Read the auto biography An African Greenland by Tete-Michel Kpomassie, who was rised in a traditional Togolese family

Listen to Bella Bellow for a musical hybrid of traditional music fused with the contemporary sounds of West Africa, the Caribbean and South America

Watch Togolese director Anne-Laure Folly’s Femmes aux yeau ouverts (Women with Open Eyes), which explores the problems facing women in West Africa

Eat koklo meme (grille chicken with chilli sauce) or abobo (snails cooked like a brochette)

Drink tchakpallo (femented millet with a frothy head) or palm wine

Un-lah-wah-lay (‘good morning’ in Kadye, one of the major indigenous languages)

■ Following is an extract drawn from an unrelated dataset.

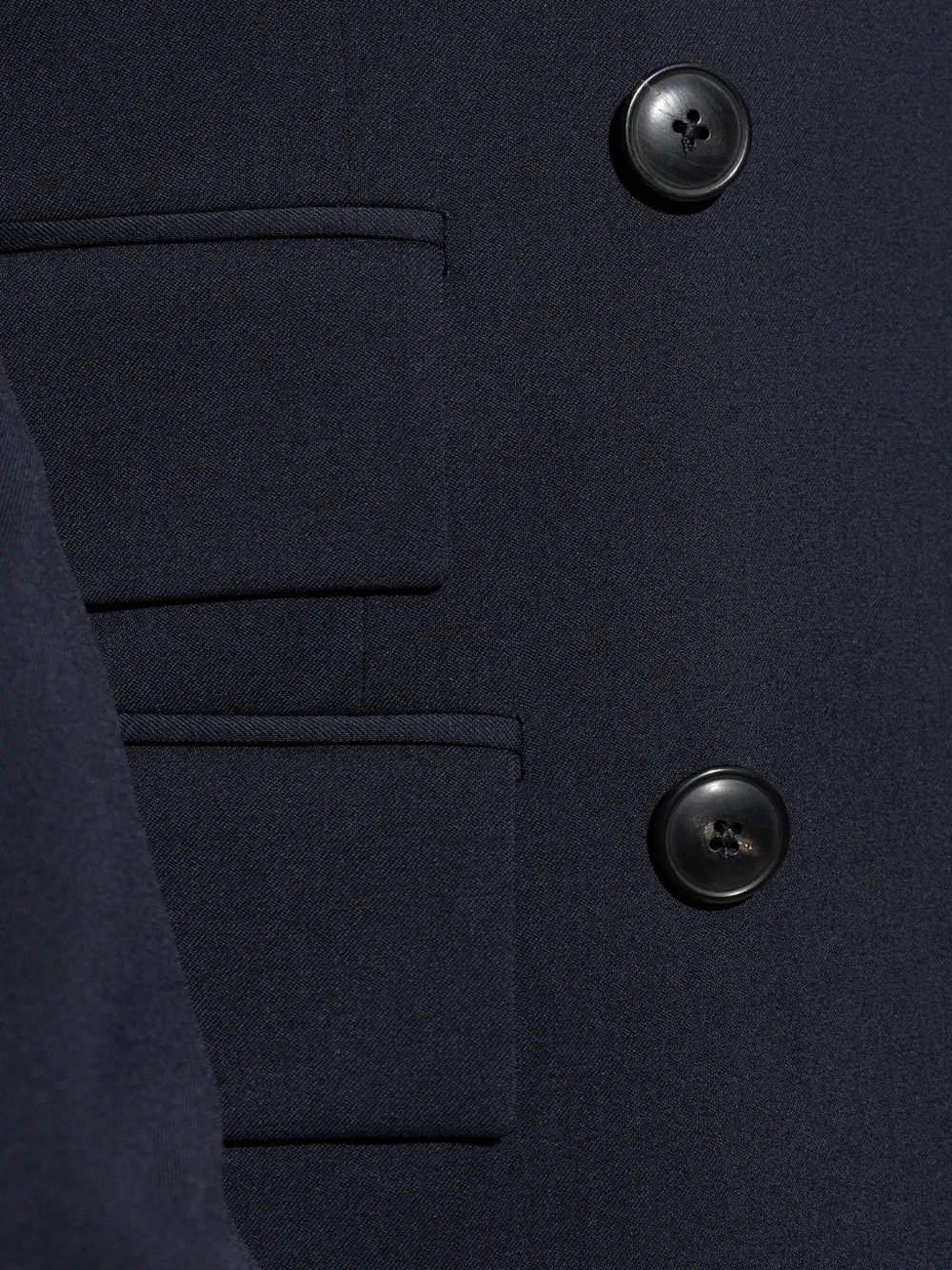 Синий двубортный застежка на пуговицы плечи с подплечниками карманы с клапанами прямой край

Beaches; fetishes; clay houses of the Tamberma; voodoo; great food

The Ewe consider the birth of twins a great blessing, but the Bassari consider it a grave misfortune; of the Togolese population, 59% are animists

Many of the Ewe’s funeral rites and conceptions of afterlife and death have a strong animist element. According to the Ewe. Once a person dies their djoto (reincarnated soul) will come back in the next child born into the same lineage, while their luvo (death soul) may linger with those still living, seeking attention and otherwise creating havoc. Funerals are one of the most important events in Ewe society and involve several nights of drumming and dancing, followed by a series of rituals to help free the soul of the deceased and influence its reincarnation.